Why not? To begin with, “modernization” is not a business goal. It does not in itself represent a business outcome that adds value to the enterprise. As a result, its scope of activities can never be clear, the business cannot feel a sense of urgency (and as a result wants to hold off releasing until the system is perfect), and good prioritization and trade-off decisions cannot be made. It is a project that is all risk and no return: there is already a functioning system, so the agency is only risking failure. A modernization effort can never end, since being up-to-date is a goal that slips away as we approach it.

Legacy modernization also does not lend itself to an agile approach – that immediately should be a give-away that something is wrong. We cannot release the modernized product incrementally, beginning with a minimally viable product, because the business will not want to use something that does not at least match the functionality of the legacy system. This means that the scope of the first release is fixed and cannot be adjusted to fit within a time box. The legacy system must be replaced in a single release.

Yet there is a way to modernize a system. The first goal should be to bring contemporary technical practices to bear on the legacy system as is. And the first step in doing that is to bring the legacy system under automated test. A wonderful reference on doing so is Working Effectively with Legacy Code by Michael Feathers. Once the system is under automated test, regressions can be avoided and the code can be restructured and refactored at will. The second step is to re-architect (as little as possible) to make re-engineering pieces of the system efficient. In many cases this will involve creating elements of a service-oriented architecture – or at least finding ways to loosely couple different pieces of the system.
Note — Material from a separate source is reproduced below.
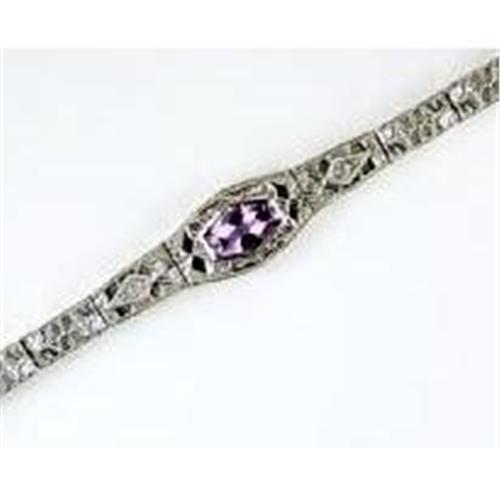This Antique Style Bracelet is an Authentic & Accurate copy of the filigree work made popular in the 1930s. It is a STERLING Silver Bracelet and it feautres a Genuine Amethyst with a Diamond set each side.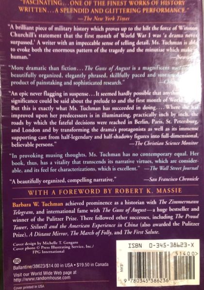 PULITZER PRIZE WINNER • “A brilliant piece of military history which proves up to the hilt the force of Winston Churchill’s statement that the first month of World War I was ‘a drama never surpassed.’”—Newsweek Selected by the Modern Library as one of the 100 best nonfiction books of all timeIn this landmark account, renowned historian Barbara W. Tuchman re-creates the first month of World War I: thirty days in the summer of 1914 that determined the course of the conflict, the century, and ultimately our present world. Beginning with the funeral of Edward VII, Tuchman traces each step that led to the inevitable clash. And inevitable it was, with all sides plotting their war for a generation. Dizzyingly comprehensive and spectacularly portrayed with her famous talent for evoking the characters of the war’s key players, Tuchman’s magnum opus is a classic for the ages. The Proud Tower, the Pulitzer Prize–winning The Guns of August, and The Zimmermann Telegram comprise Barbara W. Tuchman’s classic histories of the First World War era

Now to the real point of the exercise. We need to work from real business needs – capabilities that the system does not have. For each capability we change the system to deliver it. We do so in an agile way, and we use our automated tests to feel comfortable that we are not breaking anything. Over time, the system becomes easier to change as components are replaced by more “modern” components. But we never do anything without a good business reason to do so.

In other words, we’ve modernized our system without doing any such thing.